Yılbaşı süslemelerinin başladığı bu günlerde dilerim çam katliamı olmaz.
Her sene birtakım uyanıklar o zar zor yetişen çamlarımızın tepesini, dallarını ya da gencecik fidanları kesip satıyorlar. Lütfen kökleri kontrol edin mümkünse almayın, aldırtmayın, bu adamlara ekmek çıkartmayın!!!.
Yılbaşında eve alınan güvenebildiğiniz saksılı çamlara bile acıyorum. O dışarıdan aldığınız ağaç ev içine girince iklimi şaşırıp sürmeye başlıyor. Yılbaşı bitince ya balkona atılıyor ya da toprağa dikiliyor. Durum böyle olunca soğuktan etkilenip büyük olasılıkla ölüyorlar.
Neden sahte çam almıyorsunuz? Ya da neden evinizdeki salon çamı, benjamin, yukka, Schefflera gibi ev içi bitkilerini süslemiyorsunuz? Bence bu işi bir daha düşünün.
Eğer sahte çam önerim sizi sarmadıysa ve ben yine doğalını alırım diyorsanız, tavsiyelerim var.
Çamı eve aldıktan sonra bol bol sulamayın. Zaten iklimi şaşırdı, bir de su verip gelişmesine yardımcı olmayın! Mümkün olduğunca az evin içinde tutun.
Camekanlı balkonunuz varsa orada süsleyin, ortamda kalorifersiz olsun.
Bu arada anlamadığım – konu harici – bir şey var. Her gittiğim evde kaloriferler delirmiş gibi yanıyor. Evler hamam gibi. Hem doğalgaz eksikliği var hem de bu kadar sıcak sağlığa zararlı; kimse farkında değil mi?
Neyse, konumuza dönelim. Çamı aldınız, kısa süre sonra çıkarttınız. Ya yağmurla yıkanabileceği bir yerde tutun ya da toprağa dikin.
Dikerken asla gübre vermeyin. Hiçbir çam türü hayvansal gübre sevmez. Ağaç yanar, alt dalları dökülür ya da kurur. Sadece ve sadece özel çam gübresi varsa verin (Compo, Vilmorin gibi).
(Resimdeki heykel gibi ağaç nasıl ama?)
Evet, siz doğal çamı işi bitince bahçenizde usturuplu bir yere yerleştirin. Yerini iyi seçin, büyüdükçe geçişi ya da diğer bitkileri bastırmasın. Geliştirmek için verilen hayvansal gübreler gibi çamların alt dallarını kesip boya gitmesine yardımcı olmak da çok yanlış bir uygulamalar’dır.

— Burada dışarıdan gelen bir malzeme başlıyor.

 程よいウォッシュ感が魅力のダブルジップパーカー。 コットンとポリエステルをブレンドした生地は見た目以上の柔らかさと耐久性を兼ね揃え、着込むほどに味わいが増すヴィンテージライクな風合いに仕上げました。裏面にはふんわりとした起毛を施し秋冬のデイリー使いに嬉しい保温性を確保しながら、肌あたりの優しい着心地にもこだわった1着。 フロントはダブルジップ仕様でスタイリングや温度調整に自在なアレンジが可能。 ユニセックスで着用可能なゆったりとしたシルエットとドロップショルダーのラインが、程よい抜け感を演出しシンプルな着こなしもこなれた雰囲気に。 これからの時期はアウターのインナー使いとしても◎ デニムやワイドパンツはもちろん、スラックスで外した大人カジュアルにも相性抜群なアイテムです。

Önemli birkaç ilave daha var.
- Çamların dibi hiçbir zaman çapalanmaz; kılcal üst kökleri zedelersiniz. Çamları budamayın. Çamlar budanmaktan nefret eder.
- Bataklık ve su seven Larix, Metaseqoia ya da seqoia dışındaki hiçbir çam çok su sevmez. Sakın yazın bol bol sulamayın.

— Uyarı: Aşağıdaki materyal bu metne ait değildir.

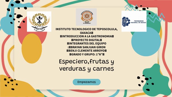 INSTITUTO TECNOLOGICO DE TEPOSCOLULA, OAXACA INTRODUCCION A LA GASTRONOMIA PROYECTO DIGITAL INTEGRANTES DEL EQUIPO :BRAYAN SANJUAN GIRON BENJI CLEMENTE ARROYO GRADO Y GRUPO: 1”A”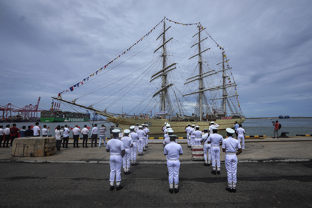 10月8日,中国海军“破浪”号风帆训练舰访问斯里兰卡。(新华视觉)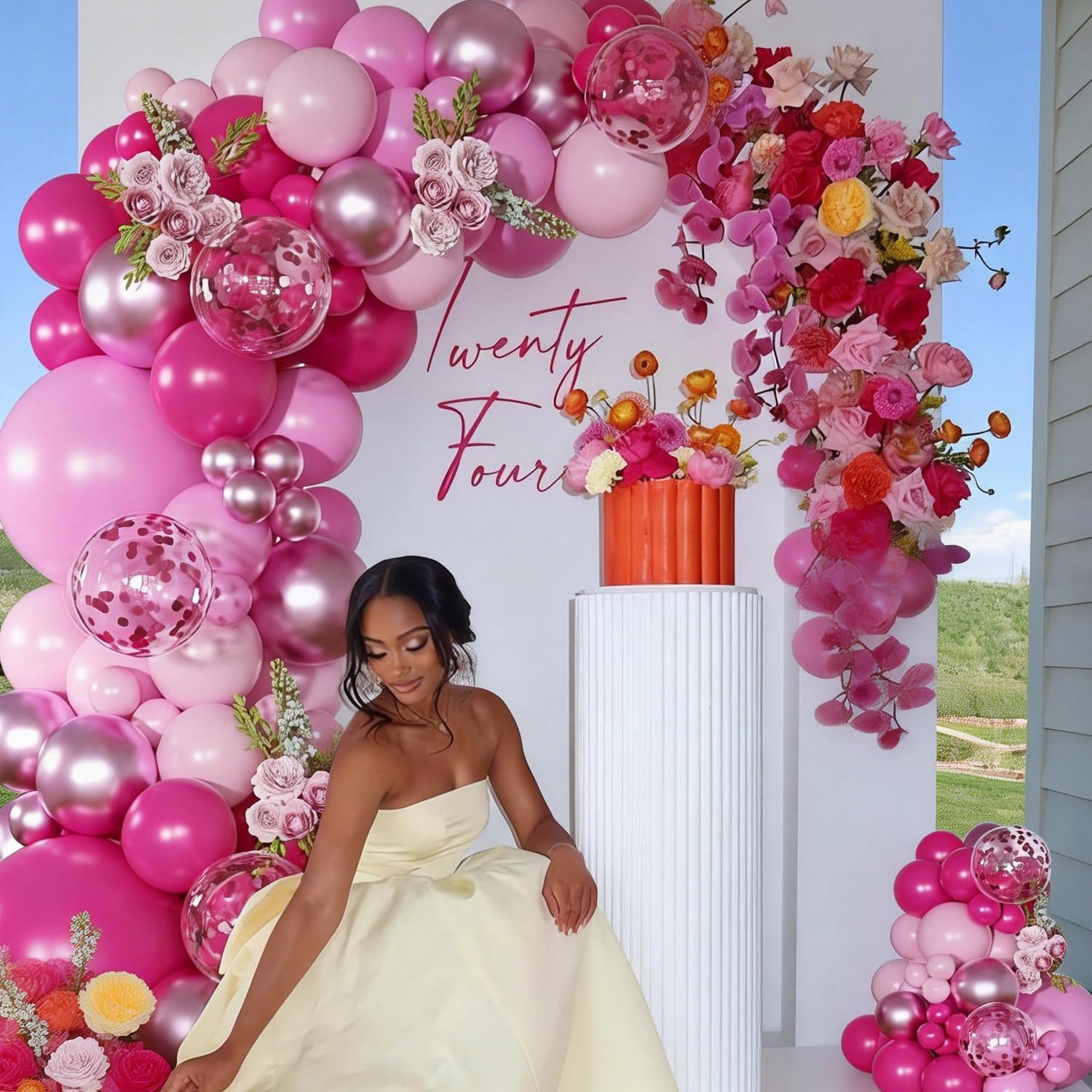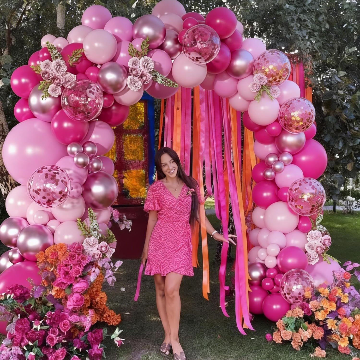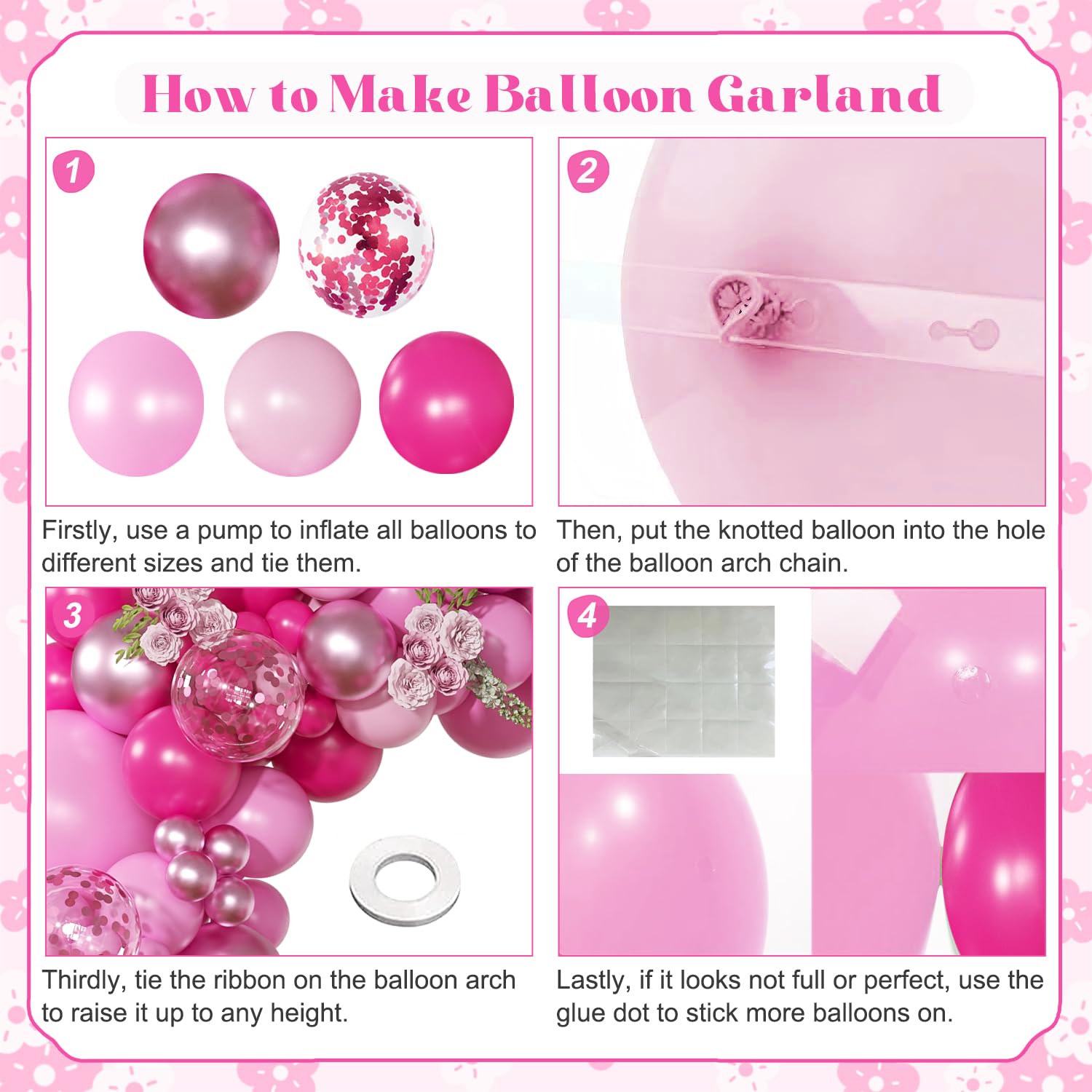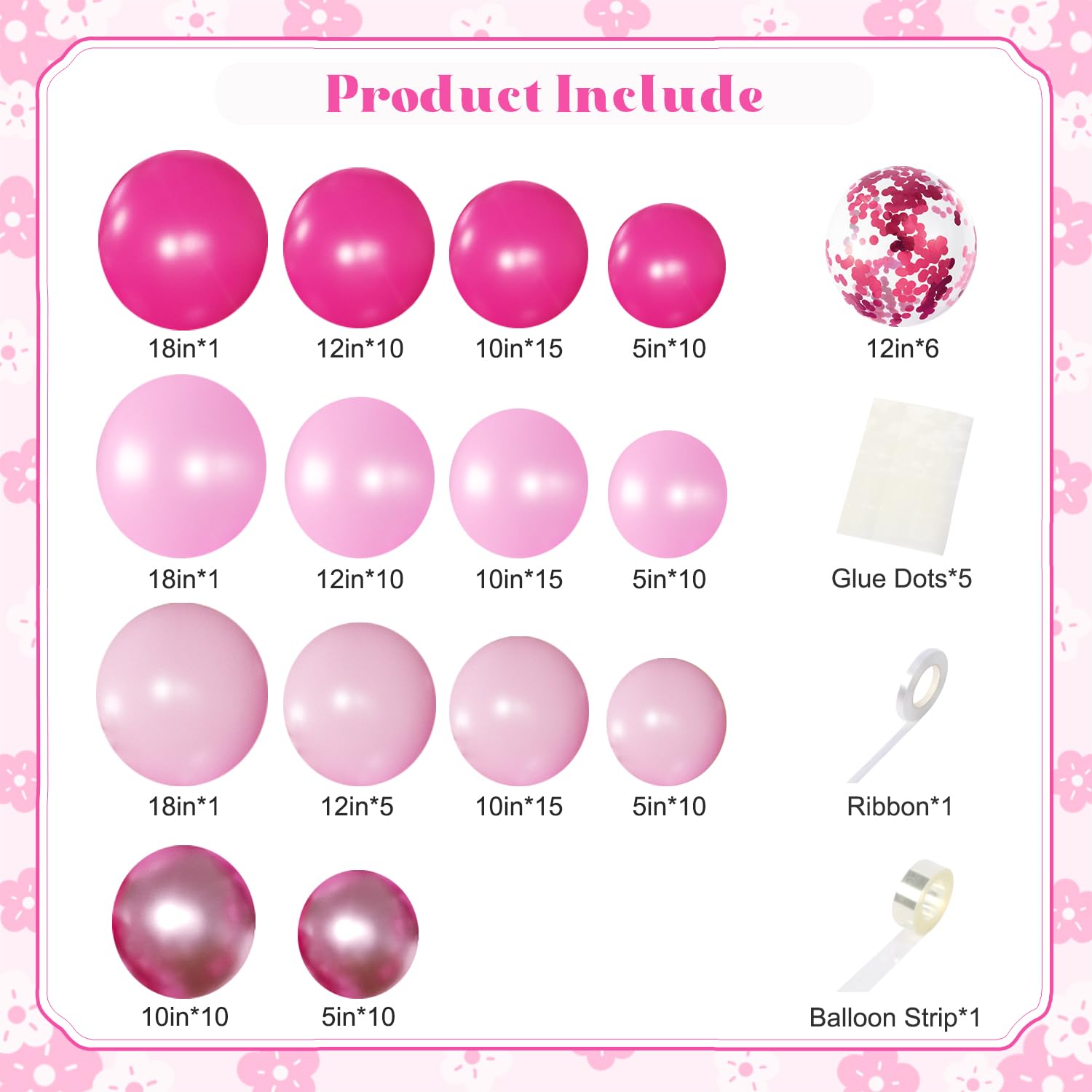 Package Include:hot pink balloon-5"*10/10"*15/12"*10/18"*1; light pink balloon-5"*10/10"*15/12"*10/18"*1; pink balloon-5"*10/10"*15/12"*5/18"*1; matt pink balloon-5"*10/10"*10; cofetti balloons-12"*6

- Çamların dibini çim yapmaya çalışmayın. Hem dökülen iğnelerle izin vermez hem de sulama, gübrelemeyle esas çama zarar verirsiniz. Az uğraşılacak bodur, yayılıcı porsuk ya da yapraklı yonca dikin. Kurdele çiçeği de olabilir.
- Dev gibi çamları seralardan almayın. Tutması zor. Paranıza yazık. Lafım 5 – 10 metre olanlara, ama mavi sedirler hariç. Onlara bir şey olmuyor ( sadece mavisi).
Bir kitap
“A – Z of Evergreen Trees and Shrubs”. Konumuz çam olunca daimi yeşil ağaç ve çalılarla ilgili bu kitası size tanıtmadan edemedim. Tipleri, bakımları; her şey mükemmel anlatılmış. www.amazon.com‘a ya da www.amazon.co.uk‘ya bir bakın. Çok pahalı değil ama çok yararlı bir kaynak…
Gri bahçelere bir renk…
Agave kaktüslerini gri bahçelere, susuz köşelere tavsiye ederim. Amerikan kaktüsü de deniliyormuş. Son zamanlarda toprak ya da şeffaf cam saksılarla ev içi dekorasyonunda moda oldu. Görsel güzellik dışında besin, ilaç ve tekila yapımında da kullanılıyor. Bahçenizde yetişmiş, yavrulamış kaktüsleriniz varsa kesip parti yapın, içki bedavaya gelsin. Dikenlerine dikkat!